Glad to help. This is where I bought mine a year or so ago. Good luck


----------



## mkeg (Oct 2, 2012)

Can i just just ask because I am new to vinyl transfers.
1- apart from the cameo, blade, Matt, vinyl, tape and 
software which comes with the cameo what else would
I need? 

2- at the moment I'm doing a lot of heat transfers with JPSS 
Paper. Doing it on white clothing it's easy but a little bit 
Trickier with darks as you have to remove backing paper and 
If its bit correctly aligned when placing on garment then it's
To re adjust if you take too long as the transfer paper gets very 
Delicate and starts sticking. My question is, with the cameo could 
I do anything to Imorove this? Sticking transfer paper on the tape
Then pressing it with a Teflon sheet on top of tape, will this work?


----------



## calhtech (Feb 4, 2012)

mkeg said:


> Can i just just ask because I am new to vinyl transfers.
> 1- apart from the cameo, blade, Matt, vinyl, tape and
> software which comes with the cameo what else would
> I need?
> ...


Make sure you have a rotary cutter, the work great cutting vinyl and transfer paper. As fo the dark transfers I use a clear heat transfer mask, which I purchased here: 

http://www.imprintables.com/product/eco-mask,314,68.htm

After you print and weed your opaque transfer paper, you cut off a piece of this mask the dimensions of your weeded transfer. Peel the back off and press the mask over the transfer paper. Use a small squeege to tack the transfer to the mask. Peel the mask away carefully (making sure your transfer stays in tack), then press the mask/transfer paper. Afterwards, peel away the mask, leaving your finished transfer. This works like a charm, esp if you have small or individual pieces in your transfer. This makes them all stay together and easier to accurately place on your garment. Hope this helps.


----------



## mkeg (Oct 2, 2012)

HI CALHTECH sorry if i sound a bit silly with this questions but like i said im new to this side of transfers.
Below its the paragraph you posted in reply to one of my questions but i got a bit lost and i want to make sure i do it right. could you please read and where i left the gap, there is also a question, can you please answer it as this information seems to be very good.

thanks in advance

After you print and weed your opaque transfer paper, you cut off a piece of this mask the dimensions of your weeded transfer. Peel the back off (PEEL THE BACK OF MASK OR TRANSFER PAPER???)

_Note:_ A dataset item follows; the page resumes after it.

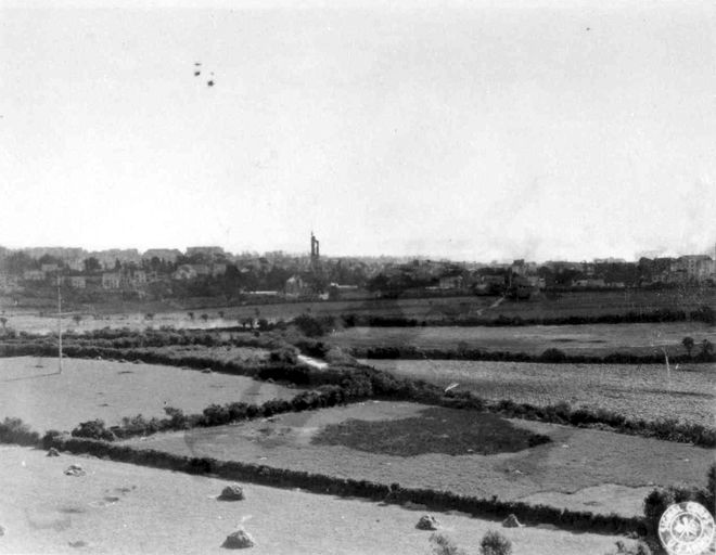 Vue de la festung Brest pendant la bataille de Brest, U.S. Army Signal Corps, septembre 1944 : vue aérienne oblique non localisée, en arrière-plan, la ville partiellement détruiteImmatriculation

and press the mask over the transfer paper. (IS THIS FROM THE FRONT OF THE IMAGE??)

Use a small squeege to tack the transfer to the mask. Peel the mask away carefully (making sure your transfer stays in tack), then press the mask/transfer paper. Afterwards, peel away the mask, leaving your finished transfer. This works like a charm, esp if you have small or individual pieces in your transfer. This makes them all stay together and easier to accurately place on your garment. Hope this helps.


----------



## royster13 (Aug 14, 2007)

valleyboy_1 said:


> Roland gx 24, graphtec ce-6000, and Summa D75, are the cream of the crop when it comes to vinyl cutters for t shirts.


I would not put a Roland GX 24 and Graphtec CE-6000 in the same league as a Summa D75.....Both the Graphtec & Roland you mentioned are their low end offerings and not as good as their FC and GX Pro models.....

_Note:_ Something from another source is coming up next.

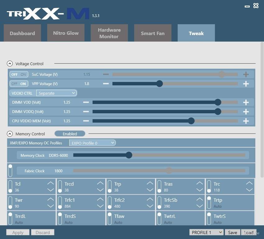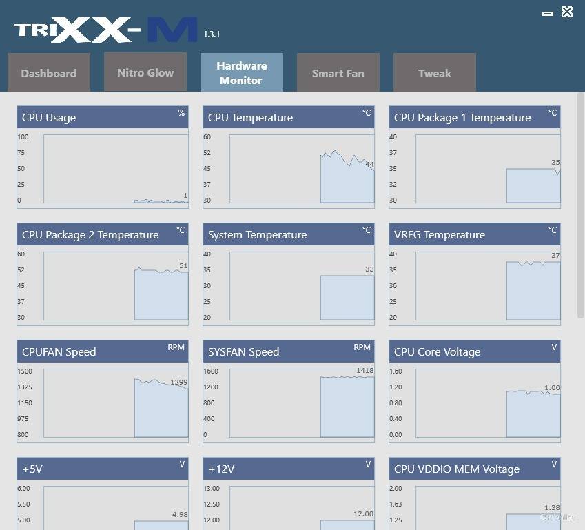 TRIXX-M软件还有更高级的玩法,以往我们调整CPU Fan或Sys Fan都需要到BIOS中调整,现在不用了,你在TRIXX-M中就可以自定义风扇的转速,操作更方便快捷。

Now having said that, for t-shirts there is no doubt they will do the trick.....But for a lot less money I would go with an "underdog" and get a GCC Expert Pro....But if you want contour cut, the Expert Pro does not do it....Unless you want to do it manually.....


----------



## calhtech (Feb 4, 2012)

After you print and weed your opaque transfer paper, you cut off a piece of this mask the dimensions of your weeded transfer. Peel the back off (PEEL THE BACK OF MASK OR TRANSFER PAPER???)

and press the mask over the transfer paper. (IS THIS FROM THE FRONT OF THE IMAGE??)

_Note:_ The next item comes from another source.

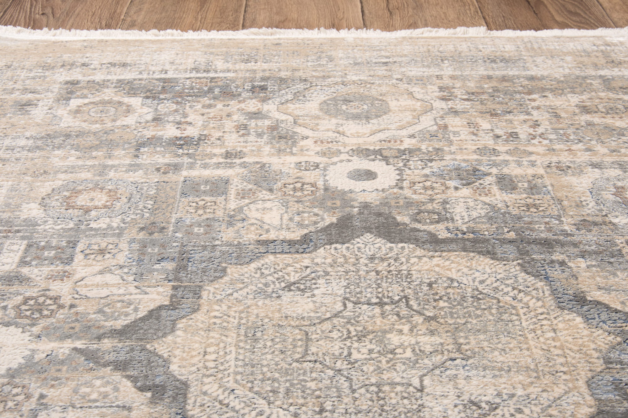 Tradycyjny dywan z bogato zdobionym wzorem umieszczonym w centralnej części dywanu - całość pięknie przecierana. Wyróżnia się bardzo dużą gęstością runa, a dzięki włóknom wiskozowym oraz akrylowym, jest niezwykle miękki. Posiadają również efektowny błysk imitując jedwab, dzięki czemu nadają wnętrzu elegancji.

When you print opaque transfer paper, you always print READ RIGHT. This MASK has a paper backing and sticky clear carrier. You peel away the paper backing and place the sticky clear carrier on top of your CUT and WEEDED transfer paper. Squeege it down firmly then peel the clear carrier along with the desired transfer. Place this on top of your garment and heat press at your Transfer Papers time and temp requirements. Peel away the clear carrier, and toss in the garbage. That is it. Good luck


----------



## mkeg (Oct 2, 2012)

many thanks thats very helpful


----------



## valleyboy_1 (Jan 23, 2010)

And the Summa d75 is the low end of the Summa cutters so I think it compares to the Roland low end and graphtec low end pretty well


----------



## royster13 (Aug 14, 2007)

Yes I guess even Summa has started making lower end cutters....The nice thing about the D75 is it is a 30" cutter.....But even still you could buy 2 1/2 Expert Pros for 1 Summa D75.......


----------



## valleyboy_1 (Jan 23, 2010)

Yeah but you cannot contour cut with the expert pro


----------



## royster13 (Aug 14, 2007)

valleyboy_1 said:


> Yeah but you cannot contour cut with the expert pro


Sure you can......Just have to do it manually.....But if you need to do it on a regular basis, best to get a cutter that automates the process...


----------



## valleyboy_1 (Jan 23, 2010)

They need to make a cutter where you can add the optic eye when you need it


----------